Hungarian lawmakers on Tuesday, March 18, passed a law banning Pride events and allowing authorities to use facial recognition software to identify attendees, continuing a crackdown by Prime Minister Viktor Orbán’s right-wing populist party on the country’s LGBTQ+ community.
The measure passed in a 136-27 vote. The law, supported by Orbán’s Fidesz party and their minority coalition partner the Christian Democrats, was pushed through parliament in an accelerated procedure after being submitted only a day earlier.
Can the EU please start fucking him hard? I really don’t want our Money to go to that piece if shit any longer
🏳️🌈🖕🏳️🌈
Fuck Orban, fuck the hungarian parliament.
But de facto it is Orban who fucks the whole EU and being paid for that. By EU and Russia.
What the actual fuck? 🤯😠
This is what the extreme right means by „free speech”.
Orbán has apparently also been striking a much more hostile tone:
‘Spring cleaning’
On 15 March, a bank holiday when Hungarians commemorate their freedom struggle against the Habsburgs in the 19th century, Orbán thus addressed a crowd in Budapest: ‘The bedbugs have survived the winter. We dismantle the financial apparatus that used corrupt dollars to buy politicians, judges, journalists, fake NGOs and political activists. We let the entire shadow army flee. (…) They have been here too long. They have survived too much.’
He called for a ‘spring cleaning before Easter’.

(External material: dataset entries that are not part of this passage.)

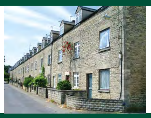
Private property but can be seen from the road.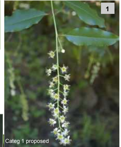
Categ 1 proposed

Members of the rose family, Rosaceae, are prominent. These include: black cherry ( Prunus serotina ) (photo 1), a large tree with cylindrical, pendent inflorescences and small black mature fruits; American dewberry ( Rubus flagellaris ) (photo 2), a trailing shrub with slender stems and very large white flowers; firethorns ( Pyracantha spp.) (photo 3), cotoneasters (photo 4), eglantine rose ( Rosa rubiginosa ) (photo 5). These species reproduce from seed spread by birds and are invading grasslands and forest margins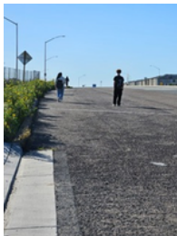
Students walking home from school in the street on Otay Mesa Rd between Caliente Ave & Sea Fire Point

This rhetoric is also new to Orbán, says Zsuzsanna Végh, who researches Hungary for the Berlin-based think tank GMF. ‘He did not use such dehumanising language before - previously, for instance, he called dissenters “enemies of the nation”.’
Fascist Arrow Cross movement
Observant Hungarian critics noted that Ferenc Szálasi, leader of the fascist Arrow Cross movement, used the same words when talking about Jews in the 1940s.
The radical language and the ban on the Pride, according to Végh ‘extremely undemocratic and a curtailment of the right to association and freedom of expression’, cannot be separated from the parliamentary elections due in spring 2026.
Orbán faces a new challenger, the conservative Péter Magyar, whose Tisza party has surpassed ruling Fidesz in the polls. While Orbán orated about vermin, Magyar got tens of thousands of Hungarians elsewhere in the capital to demonstrate against the government. Hungary’s economy is also in the doldrums.
Végh sees a ‘confluence’ of the ‘attack on media, NGOs and judges’ and the fuelling of the ‘culture war’. Orbán is thus courting the electorate of the far-right, represented in Hungary by the Mi Hazánk (Our Fatherland) party.